During this hiatus from overnight camping I have had this recurring thought, that Mechuwana is not just a place, but a people. The ways that the people who are part of this tradition have persevered through these last 33 months, The ways, through Norm’s leadership and countless hours from countless staff and volunteers, we have been able to continue to minister, it is nothing short of amazing.


But sometimes that place needs its people, and those people have returned to the cabins, the waterfront, those paths that we all have trod.


Like clockwork, that magical feeling was right here for us when we returned. Which leads me back to how when you combine this place and its people, does the real magic happen. That rainstorm I just mentioned, well, it has let up now, and one of the most vibrant rainbows I have ever seen here is filling the sky above the Lodge, reflecting off the lake, and I am reminded of two things: God’s Covenant with Noah at the end of the great rainstorm and the poem that hangs in the Commons titled “Clouds,” written by longtime camp counselor Pam Marschall. There is a certain hope that exists behind the storm clouds that we sometimes lose sight of, and a joyous sense of optimism that lives at the end of that rainbow. I sit here reminded of both and how lucky we are to have this place we call Mechuwana. And how thankful I am that we can continue our ministry.
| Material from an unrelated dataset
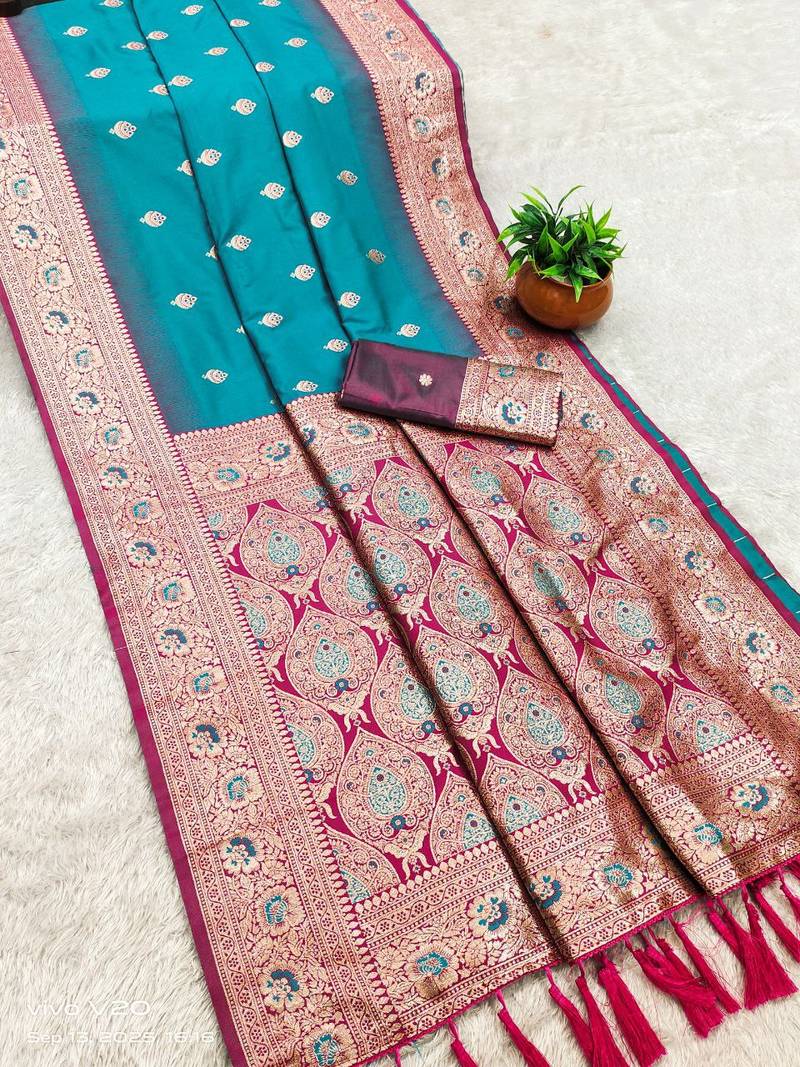 | Product Name | Sea Green Soft Banarasi Silk Saree With Zari Weaving Meenakari Design | |
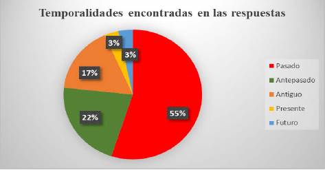 El cuadro 1 muestra la relación entre la temporalidad catalogada y las respectivas expresiones verbales.

The kids are starting to stir from their bunks from FOB now, and 2:00 a.m. and lights out seems forever away, but the loons are calling, there are games to be played, laughter to be had, and the continued magic of Mechuwana to experience. But for a moment, in the stillness of this Adirondack chair, on the Lodge porch, everything feels right with the world. If this is a sign of the summer to come, then it is going to be truly blessed. Now time to find some coffee…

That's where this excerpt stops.